Records contained in a dataset:

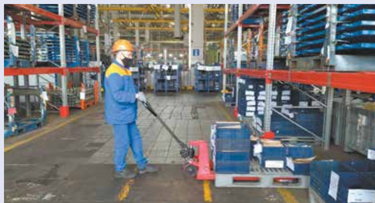
Новые приспособления экономят время

Благодаря применению тележек время выполнения операций транспортировки комплектующих изделий сократилось в среднем на 20%.
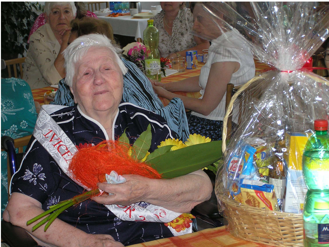
Na V. ročníku „Miss senior 2009“ získala naše uživatelka ocenění 1. vicemiss senior 2009. Srdečně blahopřejeme.
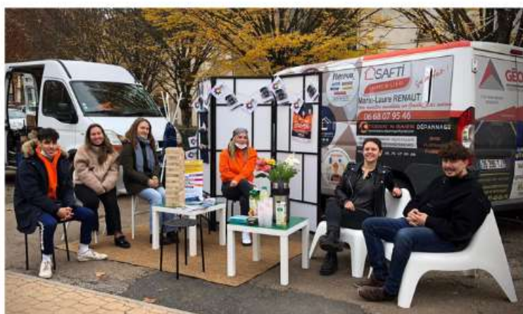
Partie de l'équipe du projet sur le marché local / MJC Graulhet.

L'objectif principal est de repérer et de recruter les jeunes invisibles du bassin graulhetois afin de les accompagner vers des parcours intermédiaires individualisés et de les suivre jusqu'à leur (re)mobilisation sur les dispositifs de droit commun. En bref, créer une relation de confiance afin que les jeunes aient à leur disposition toutes les informations dont ils ont besoin.
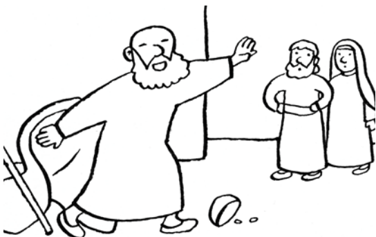
L'aveugle jette son manteau.
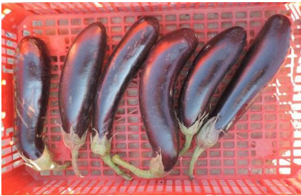
SONORA (AR-04082) (R. ARNEDO)
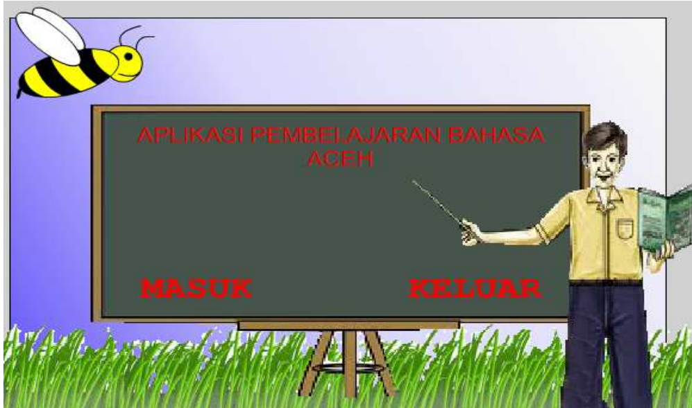
Gambar 2. Tampilan intro

Pada tampilan intro terdapat judul dan tombol mulai yang akan terhubung ke tampilan menu utama.

EXERCISE INSTRUCTIONS: Whichever lines of the records above hold the word "intro" should all be copied out.

EXERCISE RESPONSE:
Gambar 2. Tampilan intro
Pada tampilan intro terdapat judul dan tombol mulai yang akan terhubung ke tampilan menu utama.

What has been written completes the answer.